DIRECTIONS FOR THIS TASK
Could you return each line from the one bearing "Ценителей классической музыки" through the last line of the entries, exactly as it stands, with no pictures?

Dataset items:
------------------------------

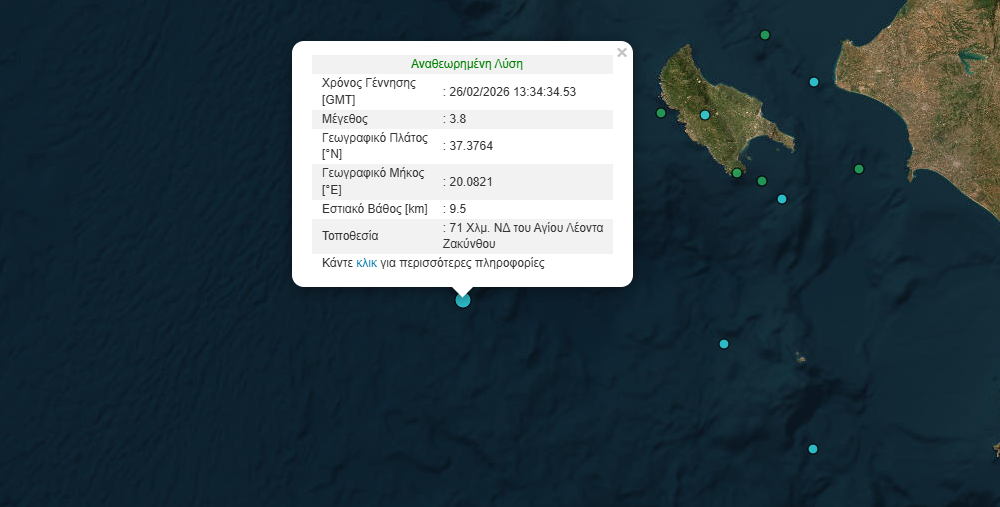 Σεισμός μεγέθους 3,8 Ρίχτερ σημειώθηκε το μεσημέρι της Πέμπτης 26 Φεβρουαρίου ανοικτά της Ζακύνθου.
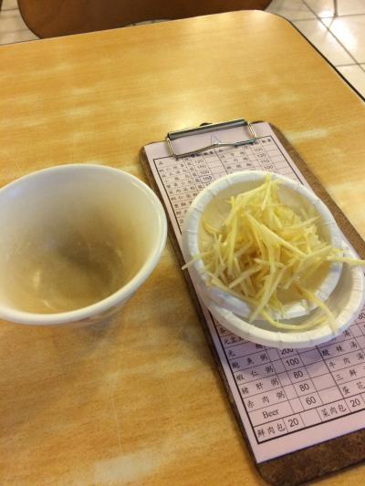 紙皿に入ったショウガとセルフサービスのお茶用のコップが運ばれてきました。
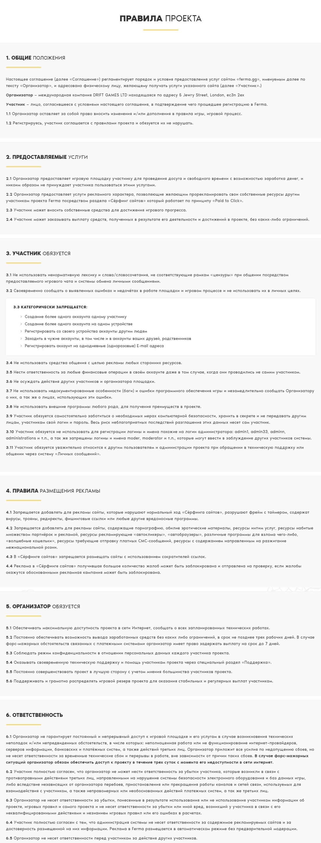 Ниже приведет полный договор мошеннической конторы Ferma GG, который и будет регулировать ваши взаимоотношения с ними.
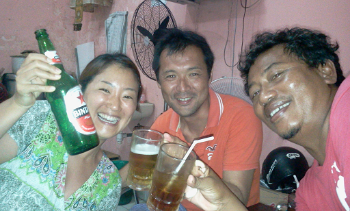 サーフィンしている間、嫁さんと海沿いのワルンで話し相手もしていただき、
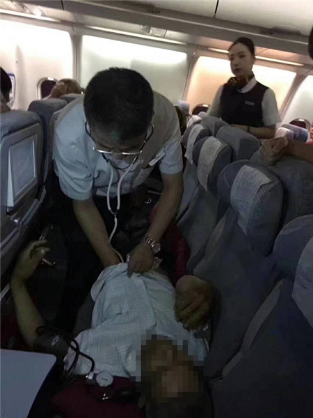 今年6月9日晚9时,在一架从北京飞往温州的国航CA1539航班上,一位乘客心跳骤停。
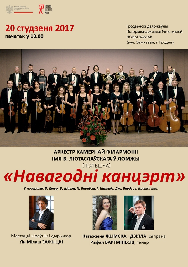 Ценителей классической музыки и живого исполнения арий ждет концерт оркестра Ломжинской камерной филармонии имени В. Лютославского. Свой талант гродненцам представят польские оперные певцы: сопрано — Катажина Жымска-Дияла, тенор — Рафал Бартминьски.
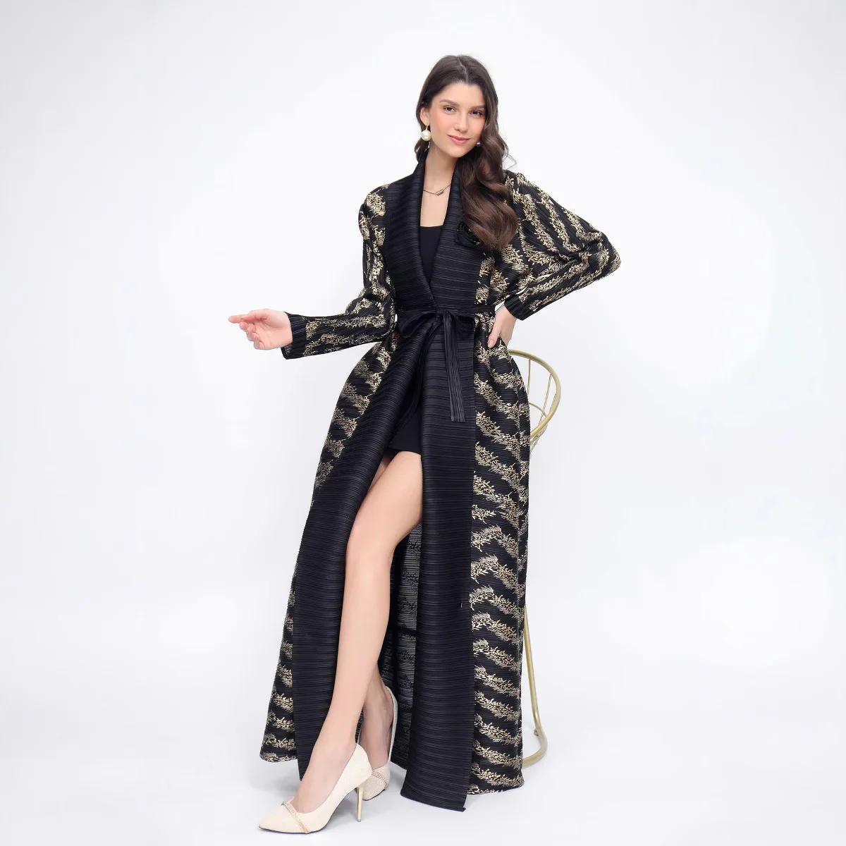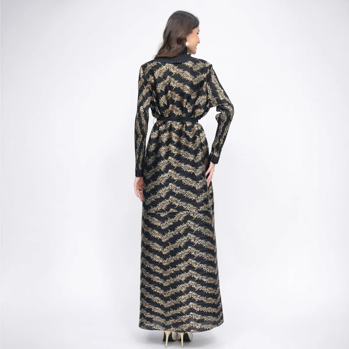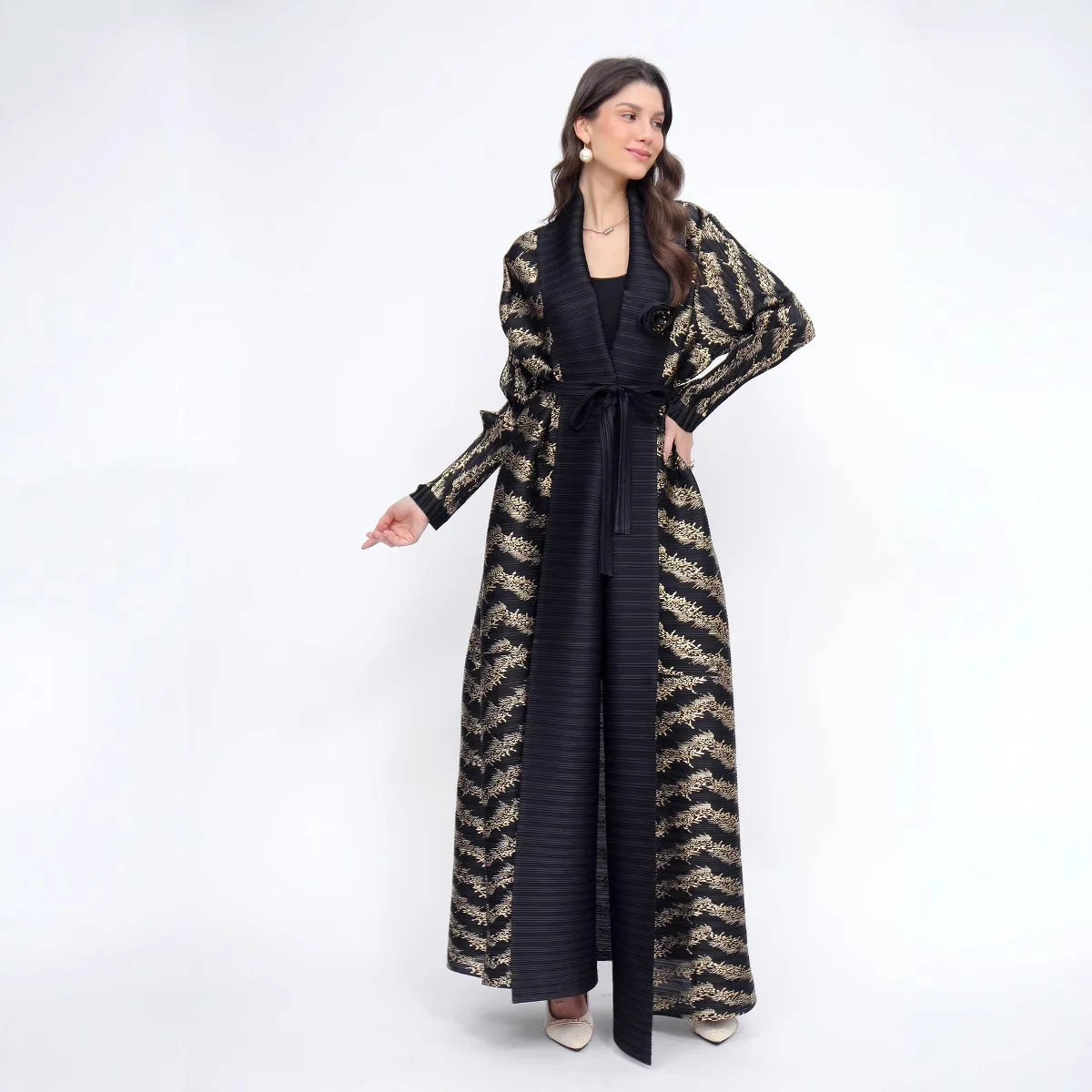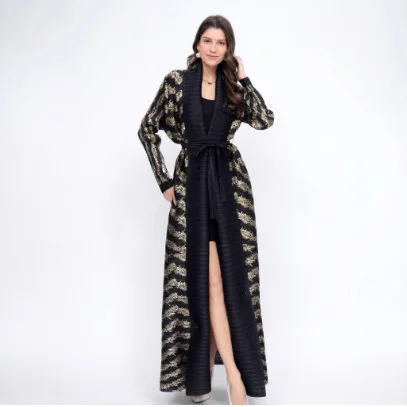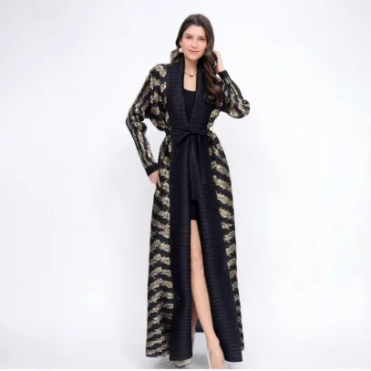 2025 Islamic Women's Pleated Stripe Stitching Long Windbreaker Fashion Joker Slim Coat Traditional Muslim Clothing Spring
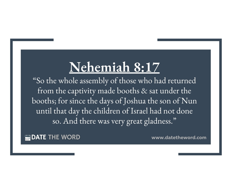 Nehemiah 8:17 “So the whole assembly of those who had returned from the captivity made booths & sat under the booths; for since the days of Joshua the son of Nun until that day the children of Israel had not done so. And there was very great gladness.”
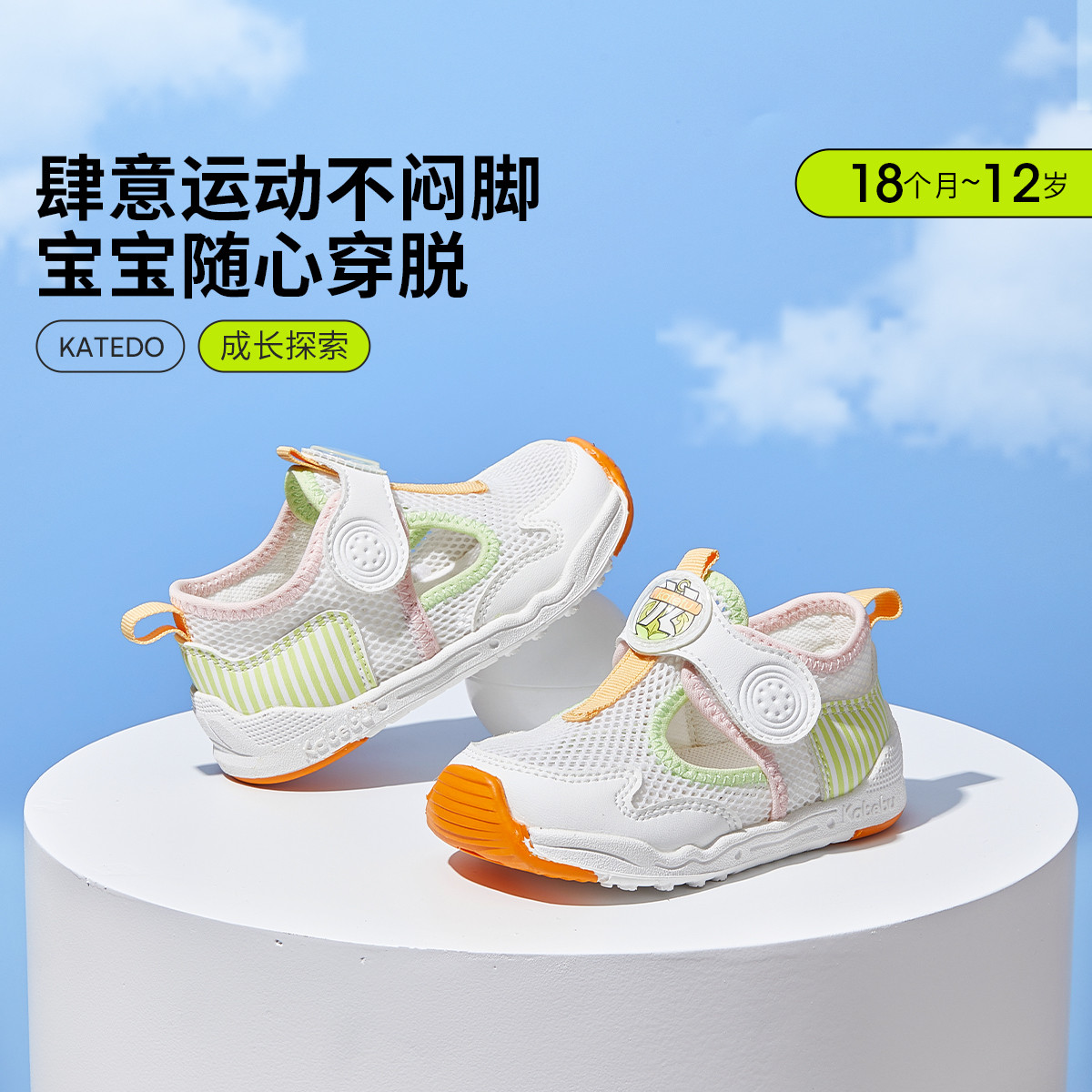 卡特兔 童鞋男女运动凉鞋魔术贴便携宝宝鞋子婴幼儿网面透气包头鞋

------------------------------

REPLY
 Ценителей классической музыки и живого исполнения арий ждет концерт оркестра Ломжинской камерной филармонии имени В. Лютославского. Свой талант гродненцам представят польские оперные певцы: сопрано — Катажина Жымска-Дияла, тенор — Рафал Бартминьски.
 2025 Islamic Women's Pleated Stripe Stitching Long Windbreaker Fashion Joker Slim Coat Traditional Muslim Clothing Spring
 Nehemiah 8:17 “So the whole assembly of those who had returned from the captivity made booths & sat under the booths; for since the days of Joshua the son of Nun until that day the children of Israel had not done so. And there was very great gladness.”
 卡特兔 童鞋男女运动凉鞋魔术贴便携宝宝鞋子婴幼儿网面透气包头鞋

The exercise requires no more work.